Policy must meet this moment. CAPRI’s Mind the Gap reports that only about seven per cent of Jamaican children’s mental health needs are currently being met – a sobering figure that should focus Parliament and parish leaders. We cannot discipline our way out of a support deficit. Scale counsellor coverage, expand school-based mental health clinics, and integrate media literacy modules that teach teens to differentiate satire from cyberbullying, clout from character, and applause from worth.
PRACTICAL SHIFTS
Three practical shifts can start now:
1. Invite student creators, prefects, and the students’ council to draft a Digital Respect Compact.

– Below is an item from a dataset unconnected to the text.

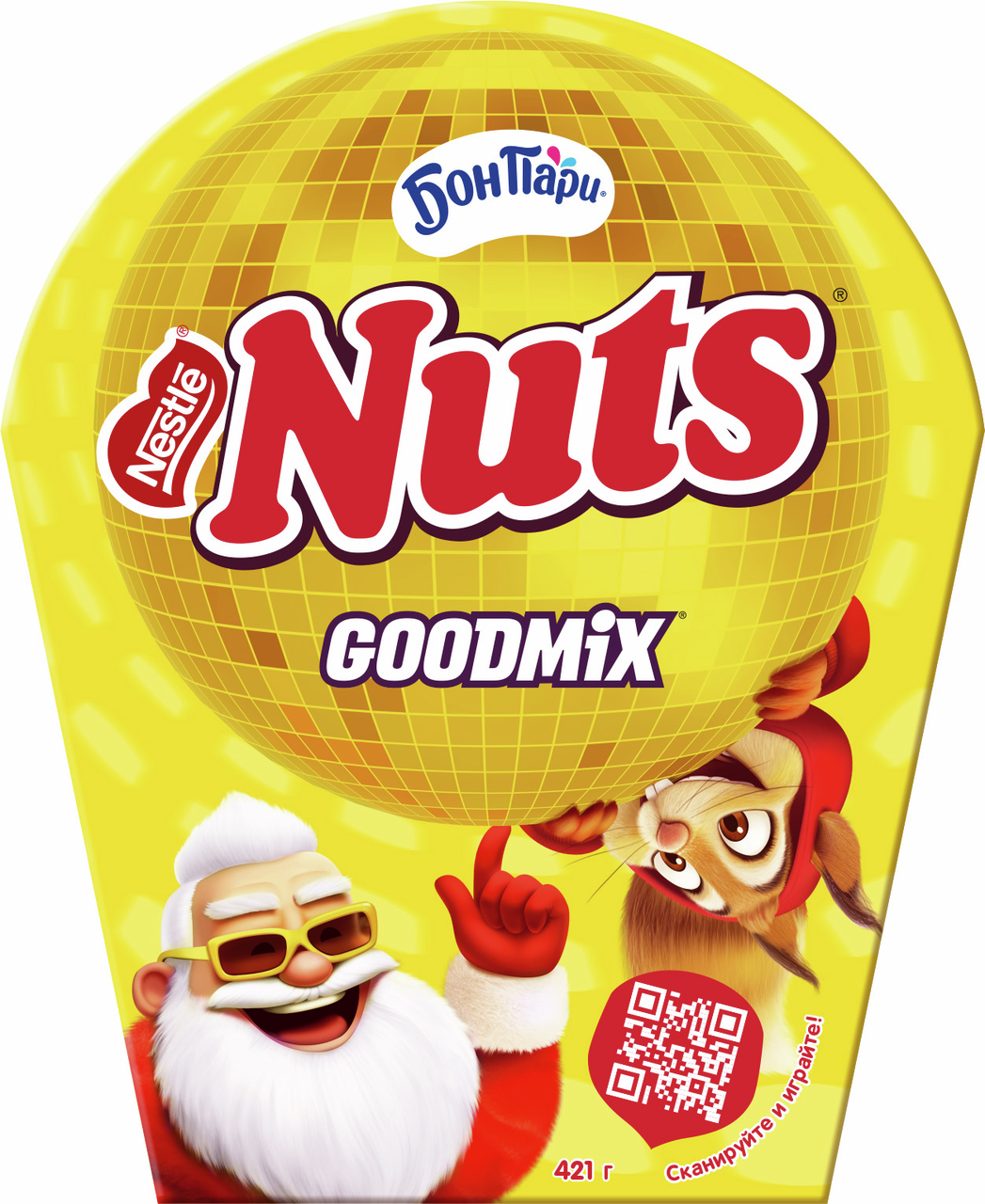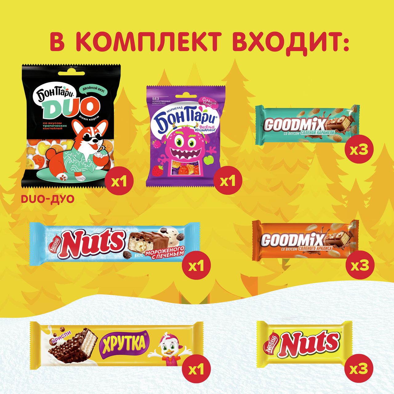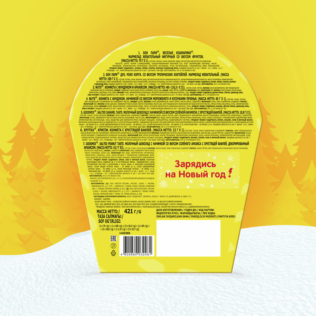Бон Пари Кошмарики: патока, сахар, желатин, вода, регуляторы кислотности лимонная кислота, цитрат натрия 3-замещенный, концентрированный яблочный сок, агент желирующий пектины, красители антоцианы получен из моркови, уголь растительный, ароматизаторы натуральные, масло пальмовое, глазирователь воск карнаубский, Бон Пари Duo Jelly Corgi: концентрированный яблочный сок, масло пальмовое, ароматизаторы натуральные, сироп карамельный, глазирователь воск карнаубский, красители антоцианы, экстракт паприки, куркумин; Конфета с фундуком и арахисом: фундук, эквивалент масла какао масло пальмовое, масло ши, арахис, какао тертое, белок яичный сухой, ароматизаторы натуральные, регулятор кислотности лимонная кислота, соль; Nuts Duo Мороженое и печенье: мука пшеничная содержит глютен, молочный жир, молоко сухое цельное, эквивалент масла какао масло пальмовое, масло ши, жир специального назначения из подсолнечного масла, эмульгаторы лецитины, Е476, ароматизаторы натуральные, белок яичный сухой, какао-порошок, разрыхлители Е500II, E503II, регулятор кислотности лимонная кислота, соль; Goodmix Salted caramel taste Мини: молочный жир, вода, крупа рисовая, эмульгаторы лецитины, Е476, какао-порошок с пониженным содержанием жира, ароматизаторы натуральные, соль, вещество для обработки муки сульфат кальция, разрыхлитель гидрокарбонат натрия; Хрутка: крупа кукурузная, крупа гречневая, эмульгаторы лецитины, E476, какао-порошок, ароматизатор натуральный, соль, разрыхлитель гидрокарбонат натрия, вещество для обработки муки сульфат кальция; Goodmix Salted Peanut taste Мини: арахис, сыворотка молочная сухая, эквивалент масла какао масло пальмовое, масло ши, молочный жир, вода, ароматизаторы натуральные, эмульгаторы лецитины, Е476, какао-порошок с пониженным содержанием жира, соль, вещество для обработки муки сульфат кальция, разрыхлитель гидрокарбонат натрия.

Include red lines (no doxxing, no sexualised content, no staff humiliation) and green lines (celebrate learning wins, service projects, team spirit). When teens help draw the boundaries, they defend them.
2. Create a monthly Admin + Students 30-second reel: principal celebrates a quiet act of excellence; head boy/girl demos conflict resolution; a teacher drops a study tip. This satisfies relatedness (we see you), autonomy (students produce), and competence (skills are recognised) – the SDT trifecta.
3. When lines are crossed, require a reflective digital apology, a mediated conversation with affected staff, and a student-led lesson on digital ethics in form devotions. Reserve suspensions for repeated or severe harm. Bandura’s insight – behaviour is shaped by observed consequences – means peers will notice that respect is the route to status.
Homes need a parallel reset. Parents don’t have to be influencers to influence. Set family media norms (phones out of bedrooms at night, shared viewing, ‘call-in’ conversations instead of blow-ups). Ask curiosity-first questions: What do you like about this trend? Who are you online with? What would make this fair to everyone at school? Teens who feel seen are more likely to accept limits.
For school boards and the ministry, the policy horizon is clear: double down on digital citizenship, embed restorative practices in discipline codes, and resource mental health services. Jamaica is already leaning into digital transformation in education with UN partners; let’s make sure transformation includes cultural competence, not just devices.
To our teachers and deans: authority in 2025 is earned through presence and example more than distance and fear. “Weh yuh deh?” must be answered with “Right here, guiding you” – in the classroom and in the comment section. Set the tone, keep the bar high, and speak the dialect of the day without surrendering the values that built this profession.
To our students: creativity is your gift; use it to lift your school, not tear it down. The world will always reward clicks. Jamaica needs character. When your content honours both, you lead.
And, to the nation: don’t mistake noise for decay. What we’re hearing is youthful energy seeking shape. If we choose connection over condemnation, we can shape it toward excellence. Punishment has its place, but partnership has power. In a world where a 15-second clip can define a child, let’s be the adults who define the culture.